- EXERCISE GOAL -
Output nothing but the lines from the beginning of the listing below through the line containing "Manon is een", exactly as they stand, without pictures.

- RECORDS SHOWN -
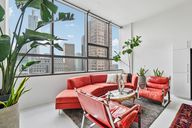 Contemporary kitchenSpacious bathSleek white cabinetryHeated infinity poolOpen-concept designDramatic floor-to-ceiling skyline viewsSoaring ceilings
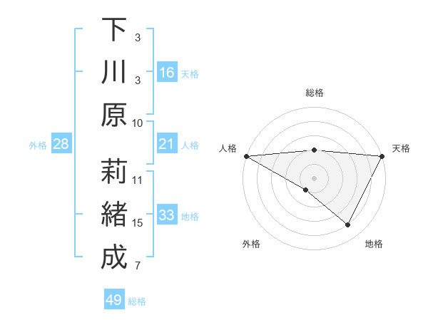 下川原 莉緒成さんの総格は49画の2点
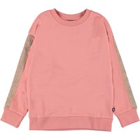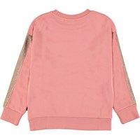 Manon is een roze trui met een goede lengte met glitterkleurige gouden band aan de zijkanten van de mouwen.
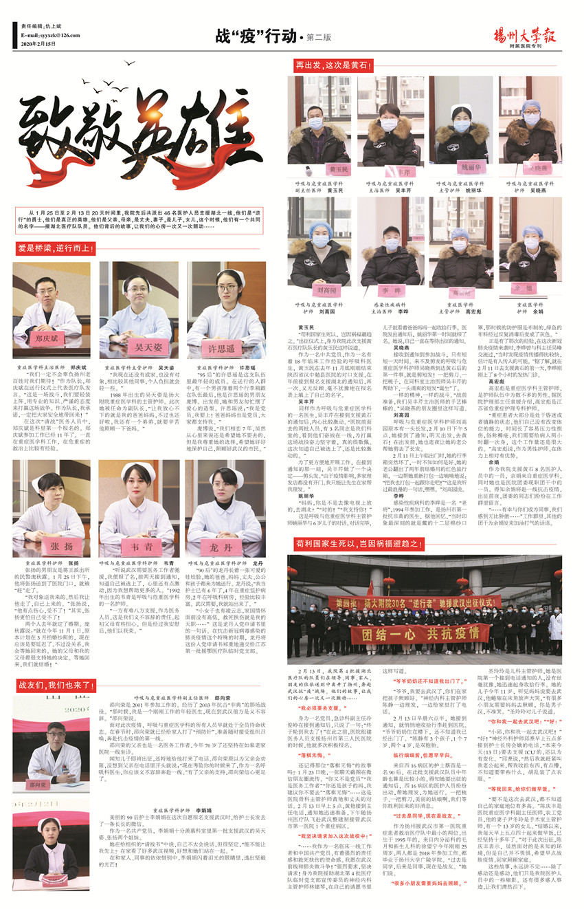 《扬州大学报•附属医院专刊》第26期(总第643期)(2020年2月15日第2版)
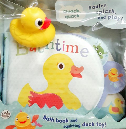 Bath book and squirting duck toy. Turn bathtime into playtime with this book and toy set. Squirt and dunk Little Duck and meet his splashy friends
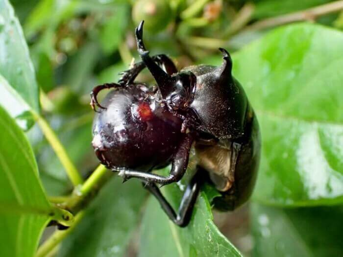 カブトムシ♂が実を食していました。
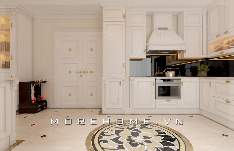 Chỉ với 1 hàng đường thẳng duy nhất, các kiến trúc sư MoreHome thiết kế hệ thống tủ bếp tiện nghi từ gỗ tự nhiên kiểu tân cổ điển đã giúp căn bếp tiện nghi hơn

- WRITTEN SOLUTION -
 Contemporary kitchenSpacious bathSleek white cabinetryHeated infinity poolOpen-concept designDramatic floor-to-ceiling skyline viewsSoaring ceilings
 下川原 莉緒成さんの総格は49画の2点
 Manon is een roze trui met een goede lengte met glitterkleurige gouden band aan de zijkanten van de mouwen.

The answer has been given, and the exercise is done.